Digiday+ Research: Alternate identifiers now figure in advertising deals for two thirds of publishers
This research is based on unique data collected from our proprietary audience of publisher, agency, brand and tech insiders. It’s available to Digiday+ members. More from the series →
The great cookie migration slowed from a stampede to a slower trek this year, but a majority of publishers are now using the alternate identifiers that will help replace third-party cookies in their ad sales deals, according to new Digiday+ research.
For the most part, the identifiers figure in a small percentage of said deals. But publishers appear to have used 2021 to test small numbers of the identifiers and incorporate them into how they do business.
In November, Digiday surveyed several dozen publisher professionals about different aspects of their business, including how their employers were preparing for Google ending support for third-party cookies. Respondents were asked to indicate how involved they were in those preparations, and the responses of 54 people who have, at minimum, direct knowledge of their employer’s plans were grouped together.

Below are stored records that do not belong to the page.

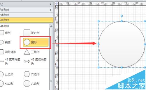2、然后將左側“基本形狀”中的圓形拖入到右側的編輯欄中進行編輯,如圖所示。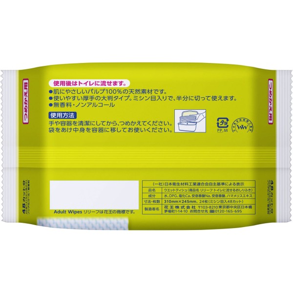 리리프 화장실에 흘려보낼 수 있는 엉덩이 물티슈 리필 24매 카오 > 물티슈 (변기에 흘려보낼 수 있는 타입)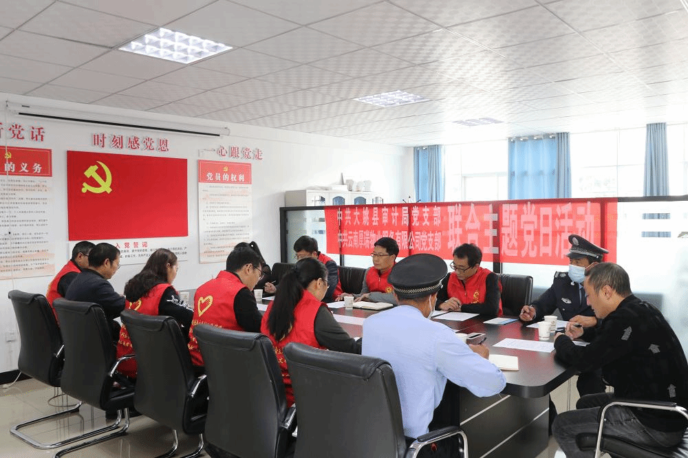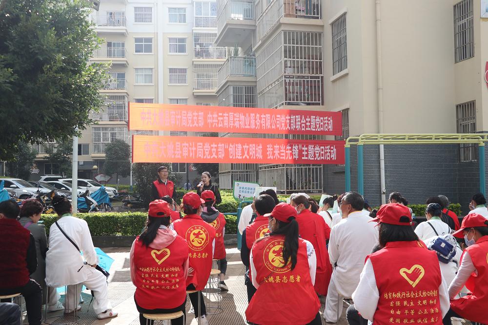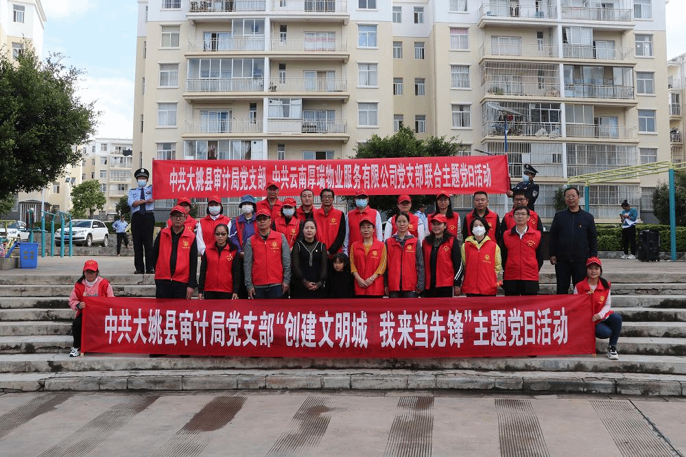 近日,大姚县审计局党支部、云南厚瑞物业服务有限公司党支部联合开展“创建文明城、我来当先锋”主题党日活动,第一时间传达学习党的二十大精神,号召广大党员干部争当文明城市创建的践行者和推动者,为全县创建全国文明城市打牢基础、贡献力量。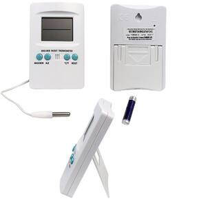 DESCRIÇÃO Termômetro digital com memória para 30 temperaturas com máx/mín e hora. É Indicado para a monitorização simultânea de duas temperaturas, podendo ser de geladeira, estufa, freezer, balcão frigorífico, ambiente, laboratório,aquário, agropecuária avicultura, suinocultura e criatórios em geral , caixa térmica, transporte de vacinas e refrigeração em geral. Conservação: Armazenar em local limpo e seco. Itens inclusos: Termômetro digital Max/Min Digital ; 1 pilha Aaa; Manual do Usuário; Medidas do produto - Altura : 11 cm - Largura: 7 cm - Espessura: 2 - Peso: 100 g Marca: Jprolab Marca: Não Informado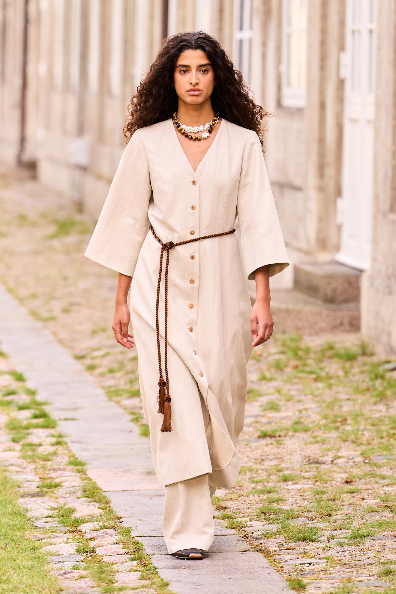رغم بروز التنورة القصيرة كرمز للجرأة الشبابية، احتفظت الفساتين الطويلة بمكانة راسخة في مشهد ربيع وصيف 2026، لا سيما في عروض Bonnetjeو Herskind ، حيث جاءت بقصات فضفاضة، أطوال تتمايل مع الهواء، وأقمشة خفيفة، لتجسد الأنوثة الحالمة المستوحاة من الطبيعة. بعض الفساتين بدت وكأنها امتداد لحركة الجسم، بألوان باهتة تذكّر بضوء الفجر، في حين جاءت أخرى بتفاصيل دقيقة كالدانتيل المطرّز يدويًا أو أطراف غير متماثلة، تمنحها طابعًا شعريًا معاصرًا.

Their responses paint a picture of a group that has kicked the tires on a small number of alternate identifiers. Most respondents said their companies had tried out fewer than six since Google announced it was going to end support of third-party cookies.
About half of the survey’s respondents indicated that they have tested between two and five different identifiers; about one in seven said their companies hadn’t tested any, nearly twice the percentage that said they’ve tested more than six.
Anecdotally, the results seem not to be influenced by the kinds of resources publishers have. Digiday asked respondents to indicate their employers’ annual revenues by choosing from a set of five different ranges, from less than $10 million to more than $100 million. While the sample does not contain statistically significant numbers of respondents in any one range, at least 40% of the respondents in each revenue range indicated that they had tested between two and five identifiers.
Those tests appear to have progressed enough for most publishers to incorporate the identifiers into their businesses. Using a slightly smaller sample of respondents who knew how identifiers were involved in their employer’s ad sales, the survey found one out of every six publishers is now using alternate identifiers in more than half of their ad sales deals. Another half said that identifiers figure in less than half of those deals, though in each case, the nature of how those identifiers are involved likely varies significantly, not just publisher to publisher but deal to deal.